── Data ──

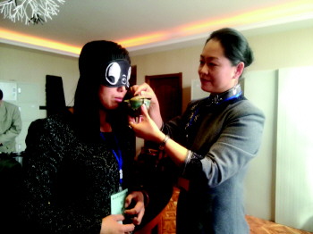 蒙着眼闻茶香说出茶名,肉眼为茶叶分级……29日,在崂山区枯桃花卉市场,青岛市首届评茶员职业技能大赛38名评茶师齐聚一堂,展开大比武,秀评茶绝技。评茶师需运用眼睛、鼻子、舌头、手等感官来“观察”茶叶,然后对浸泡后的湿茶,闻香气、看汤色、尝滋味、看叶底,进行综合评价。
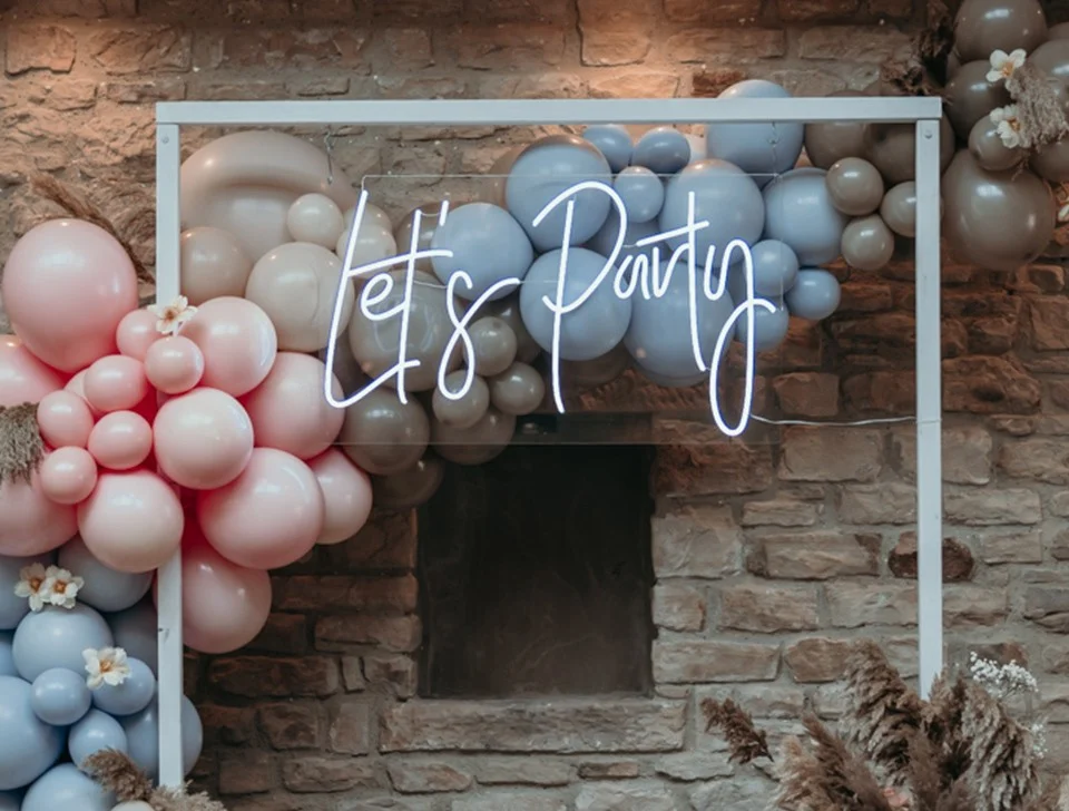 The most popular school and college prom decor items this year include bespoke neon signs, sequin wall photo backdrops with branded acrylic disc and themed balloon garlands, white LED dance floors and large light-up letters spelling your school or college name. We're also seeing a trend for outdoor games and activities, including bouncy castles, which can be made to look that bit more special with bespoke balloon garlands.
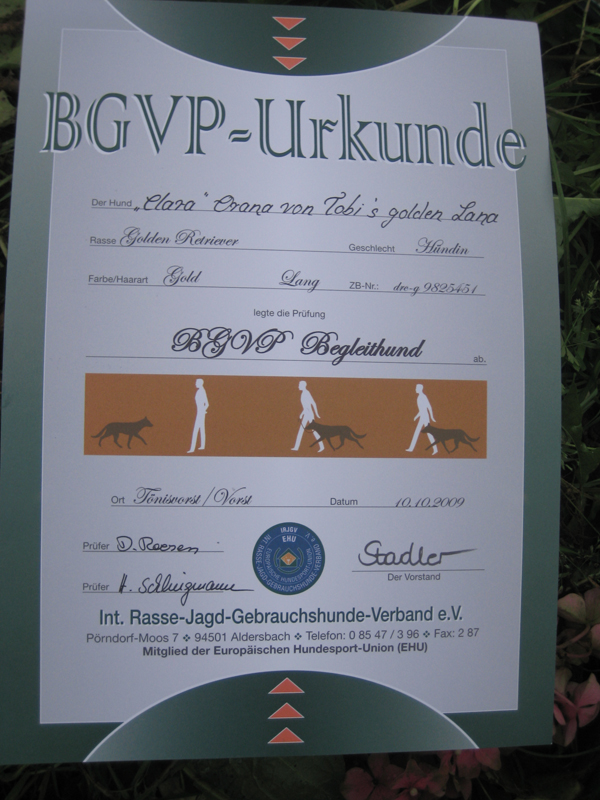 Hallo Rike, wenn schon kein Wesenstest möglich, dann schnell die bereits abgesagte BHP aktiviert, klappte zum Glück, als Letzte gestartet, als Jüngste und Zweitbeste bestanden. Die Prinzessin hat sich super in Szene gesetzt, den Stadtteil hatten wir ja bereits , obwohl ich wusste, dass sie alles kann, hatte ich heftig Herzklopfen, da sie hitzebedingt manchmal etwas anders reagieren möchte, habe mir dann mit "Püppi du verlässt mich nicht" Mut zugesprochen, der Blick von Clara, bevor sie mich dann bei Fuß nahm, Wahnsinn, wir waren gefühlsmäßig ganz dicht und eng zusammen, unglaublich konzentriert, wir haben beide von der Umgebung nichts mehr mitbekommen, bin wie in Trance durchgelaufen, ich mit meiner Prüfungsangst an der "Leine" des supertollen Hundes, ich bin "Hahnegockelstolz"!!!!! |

───

Action item:
Only the lines from the one containing "The most popular" through the end of the data above are to be output, exactly and without pictures.

Exercise output:
 The most popular school and college prom decor items this year include bespoke neon signs, sequin wall photo backdrops with branded acrylic disc and themed balloon garlands, white LED dance floors and large light-up letters spelling your school or college name. We're also seeing a trend for outdoor games and activities, including bouncy castles, which can be made to look that bit more special with bespoke balloon garlands.
 Hallo Rike, wenn schon kein Wesenstest möglich, dann schnell die bereits abgesagte BHP aktiviert, klappte zum Glück, als Letzte gestartet, als Jüngste und Zweitbeste bestanden. Die Prinzessin hat sich super in Szene gesetzt, den Stadtteil hatten wir ja bereits , obwohl ich wusste, dass sie alles kann, hatte ich heftig Herzklopfen, da sie hitzebedingt manchmal etwas anders reagieren möchte, habe mir dann mit "Püppi du verlässt mich nicht" Mut zugesprochen, der Blick von Clara, bevor sie mich dann bei Fuß nahm, Wahnsinn, wir waren gefühlsmäßig ganz dicht und eng zusammen, unglaublich konzentriert, wir haben beide von der Umgebung nichts mehr mitbekommen, bin wie in Trance durchgelaufen, ich mit meiner Prüfungsangst an der "Leine" des supertollen Hundes, ich bin "Hahnegockelstolz"!!!!! |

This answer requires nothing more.